Если это относится к другому человеку, существу, то с тем же правом и к природе в целом. Чтобы обрести гармонию с природой, человеку необходимо понять ее душу, свободу, язык, любовь. Мало разумом понять, что природе плохо, надо еще и пережить ее состояние вместе с ней, как свое собственное, т. е. проникнуть в природу, и сделать это можно только в любви к ней. Смысл любви — отдать себя, тем самым создав себя же, а это именно то, что необходимо сейчас по отношению к природе.

Писатели, призывавшие любить природу (традиционная тема русской литературы, которую продолжает литература советская), конечно же, тонко чувствовали, что имеется в виду. Очень точно передал это понимание американский поэт и философ Р. Эмерсон, по существу, отвечая на возражение о «любовном» срывании цветов.
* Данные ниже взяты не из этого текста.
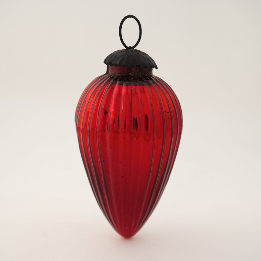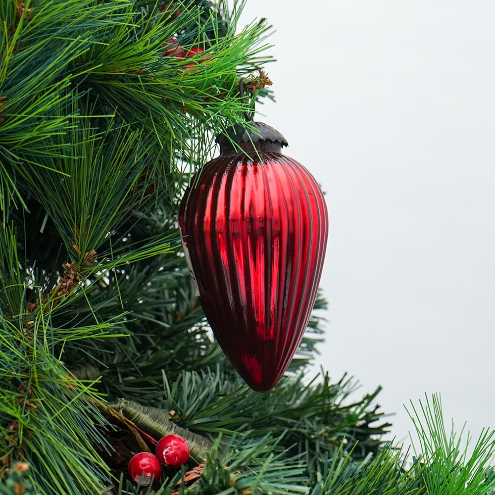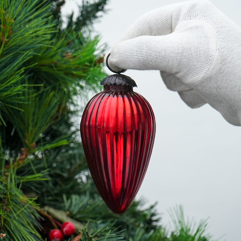 Red Almond Shape Christmas Glass Hanging. Crafted from high-quality glass with a smooth glossy finish, this decorative bauble adds a classic and festive touch to Christmas trees, wreaths, and holiday displays.
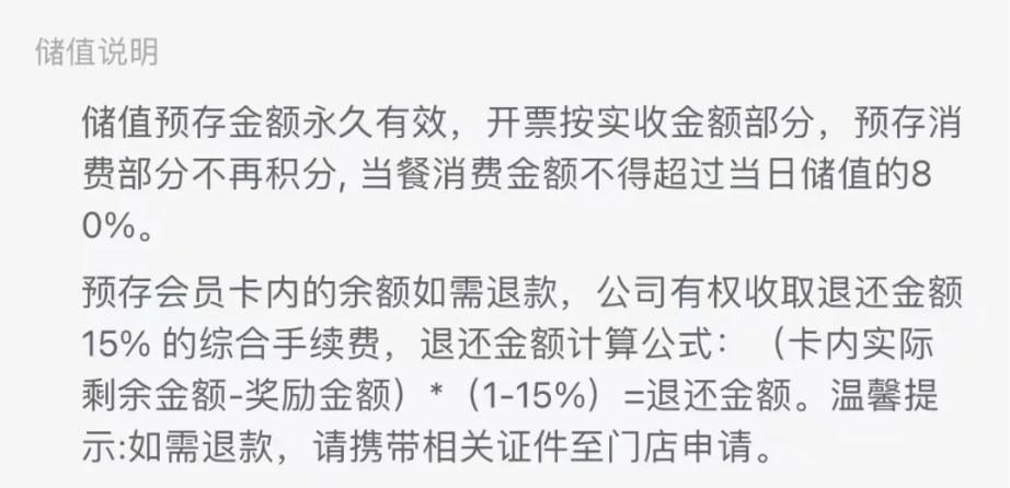 充值会员卡的消费卡余额从几百到几千不等。同时,根据消费者提供的截图信息,如果需要退款预付会员卡余额,公司有权收取15%的综合手续费,并要求在办理退款手续前携带相关证明到店铺申请。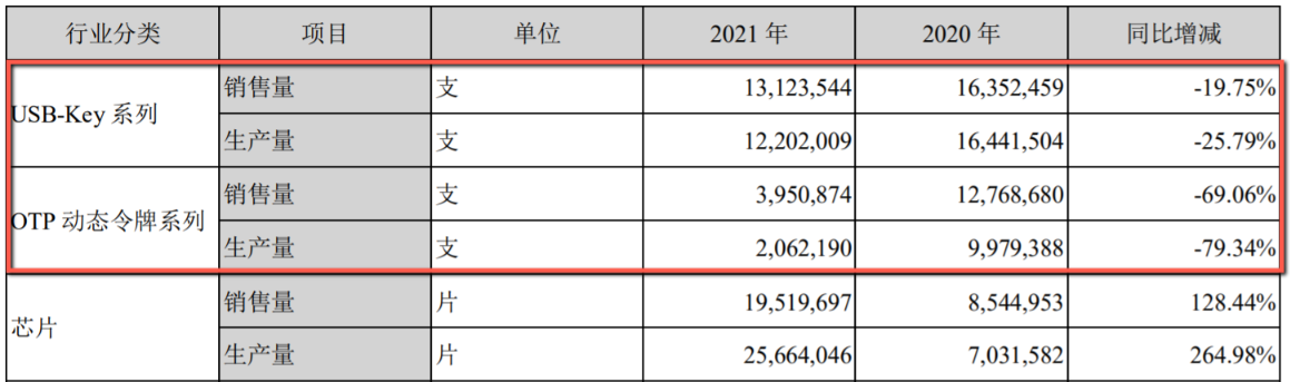银行等对信息安全领域要求较高的领域是USB Key产品的主要需求方,但现阶段需求下降较快,加之市场过度竞争,售价也呈下降趋势。数据显示,飞天诚信的USB Key系列和OTP动态令牌系列2021年均大幅度下滑,可见银行客户需求也出现了较大幅度下降。其中,OTP动态令牌系列下滑尤其明显。无论在生产还是销售数量上都较2020年下降7成有余。

Мы путаем любовь с эгоистическим стремлением к обладанию и власти, а поэт еще в прошлом веке четко выразил, что следует иметь в виду: «Ты птиц назвать всех можешь, не охотясь? Ты любишь розы, но не рвешь с куста?»
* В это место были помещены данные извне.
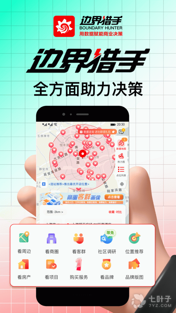 边界猎手——优化传统市场研究、选址评估的业务流程,秉持降低项目开发时间成本、节省沟通成本、集成化、智能化的理念。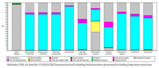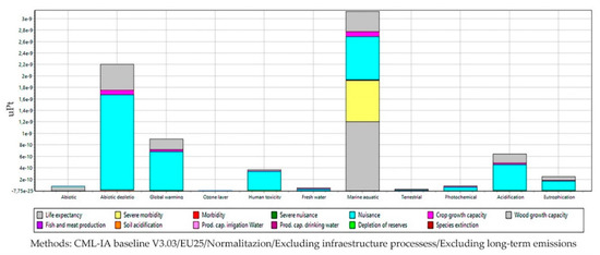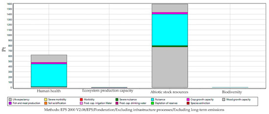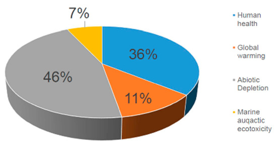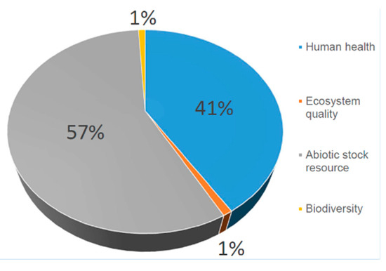 The categories of impact are identified from the following issues: production capacity of the ecosystem (including information relating to agriculture, fish or meat, and the decrease in timber field), protection of human health (including human diseases), natural resources and abiotic resource in stock, with the environmental cost, resources, and biodiversity (including the extinction of species) [59,60].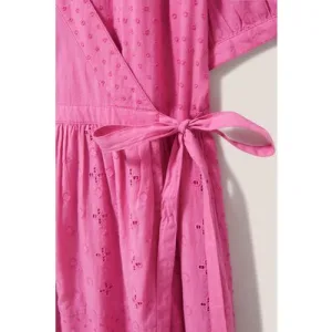 White Stuff Patchwork Broderie Midi Dress Bright Pink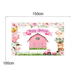 Small Kids Birthday Party Table and Photography Backdrop (Trees Barn Farm) – Pink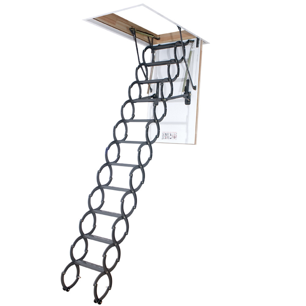 The LST scissors loft ladder is complete with white insulated hatch, wooden ladder box, metal finishing lining and quick-installation brackets. The scissors ladder construction takes less space allowing the ladder to be installed in smaller openings (the smallest ladder size is 51 x 80cm).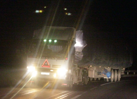 | Một xe gỗ khác đi từ Cửa khẩu La Lay qua QL 15D về QL 9, cũng có chiều dài, chiều rộng kỷ lục. |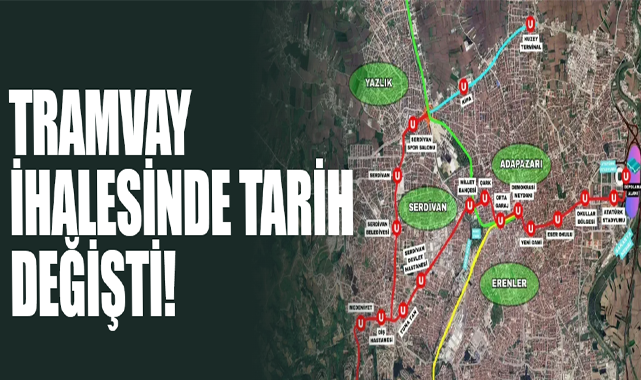 Sakarya Büyükşehir Belediyesi tarafından Adapazarı ile Serdivan arasına yapılacak olan dev tramvay projesinde yeni bir gelişme yaşandı. 24 Nisan Cuma günü yapılacağı açıklanan büyük ihale, teknik şartnamedeki güncellemeler nedeniyle 28 Nisan Salı gününe alındı.

Такое понимание, по-видимому, исчезает у современного человека, и вопрос Эмерсона задевает за живое. Он особенно актуален сейчас, когда человек рвет цветы часто и не за их красоту (желая иметь в своем пользовании прекрасное), а за их редкость, создавая тем самым экологически опасный контур «положительной» (в кибернетическом смысле) обратной связи. На одной из конференций отмечалось, что люди порой собирают растения только потому, что они занесены в Красную книгу, чтобы похвастаться редкостной находкой. Тут уж ни о какой любви (даже в ее эгоистической трактовке) нет речи.

Поистине любить можно только то, с чем равен. В любви, как и в творчестве, снимается дилемма субъекта и объекта, природа начинает пониматься как свое другое, да фактически и становится такой. На высокомерную же попытку поставить себя выше природы она отвечает экологическим кризисом.
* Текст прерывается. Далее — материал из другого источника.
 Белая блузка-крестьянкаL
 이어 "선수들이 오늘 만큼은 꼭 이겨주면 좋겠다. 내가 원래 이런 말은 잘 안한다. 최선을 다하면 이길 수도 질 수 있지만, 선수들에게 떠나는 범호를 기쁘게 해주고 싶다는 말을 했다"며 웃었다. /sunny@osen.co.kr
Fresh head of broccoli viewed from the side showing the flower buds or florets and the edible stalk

Пишущих на экологические темы можно условно разделить на тех, кто в качестве высшего критерия берет человека либо природу. В противоположность тем и другим любовь к природе подразумевает становление единства, доходящего до взаимопроникновения и взаимопомощи. Человека, любящего и заботящегося о природе, равно как и человека равнодушно загрязняющего и уничтожающего ее, всегда можно объединить с природой в системы, формально близкие, но диаметрально противоположные по существу. Для решения же экологической проблемы необходимо, чтобы отношение человека к человеку и природе стало дружеским, братским, любовным. В эпоху, когда человек способен сделать с природой все, что угодно (скорее в разрушительном, чем созидательном плане), любовь к ней необходима для предотвращения катастрофы.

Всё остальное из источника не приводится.